Work to be completed: Taking the line with "그 결과 인스타그램 측에서" as the first and the last line of the listing as the final one, please copy exactly those lines and no others, without pictures.

Raw data:
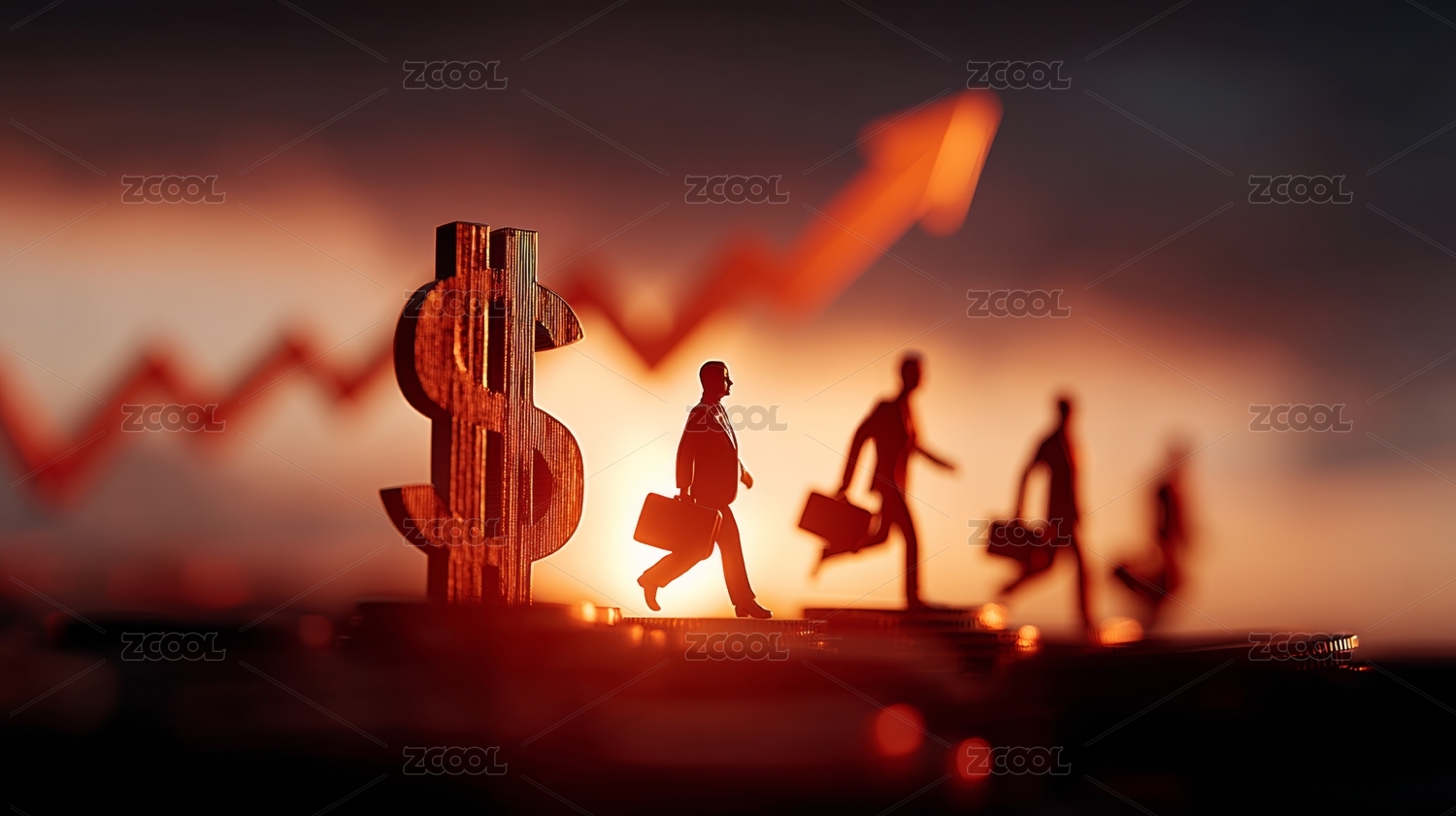 商务人士赚钱工资涨薪的剪影
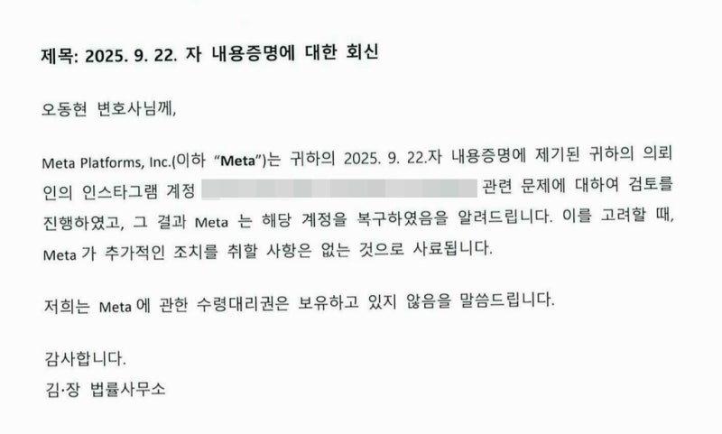 그 결과 인스타그램 측에서 즉각적인 반응이 왔으며 정지 처리가 해제되었던 사례입니다.
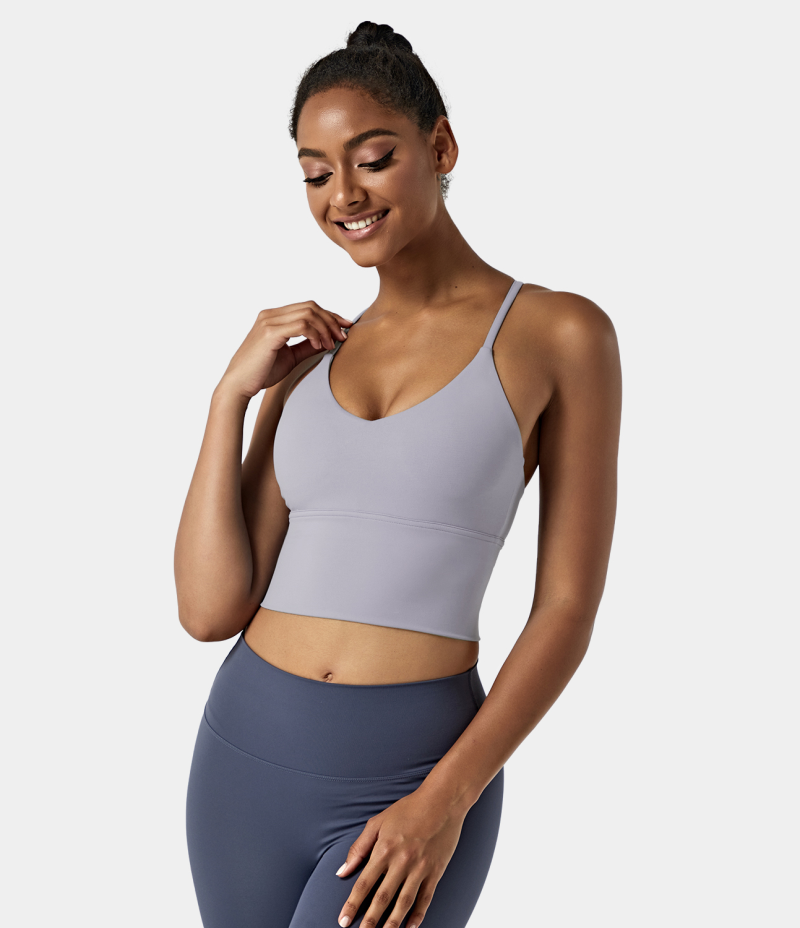 :: Halara In My Feels Backless Crisscross Cut Out Cropped Cami Women's Tops Evening Haze | JINKLGW-46
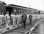 Description :DES SOLDATS SONT PLACES SUR DEUX RANGS. ILS PORTENT UNE CHEMISE, UN PANTALON ET UN BERET SUR LA TETE. DEVANT EUX, DEUX OFFICIERS AVEC LEUR HABIT ET LEUR CASQUETTE SONT DEBOUT SUR DES RAILS. EN ARRIERE-PLAN, DES WAGONS AVEC LA MENTION "CANADIAN...

Response to the task:
 그 결과 인스타그램 측에서 즉각적인 반응이 왔으며 정지 처리가 해제되었던 사례입니다.
 :: Halara In My Feels Backless Crisscross Cut Out Cropped Cami Women's Tops Evening Haze | JINKLGW-46
 Description :DES SOLDATS SONT PLACES SUR DEUX RANGS. ILS PORTENT UNE CHEMISE, UN PANTALON ET UN BERET SUR LA TETE. DEVANT EUX, DEUX OFFICIERS AVEC LEUR HABIT ET LEUR CASQUETTE SONT DEBOUT SUR DES RAILS. EN ARRIERE-PLAN, DES WAGONS AVEC LA MENTION "CANADIAN...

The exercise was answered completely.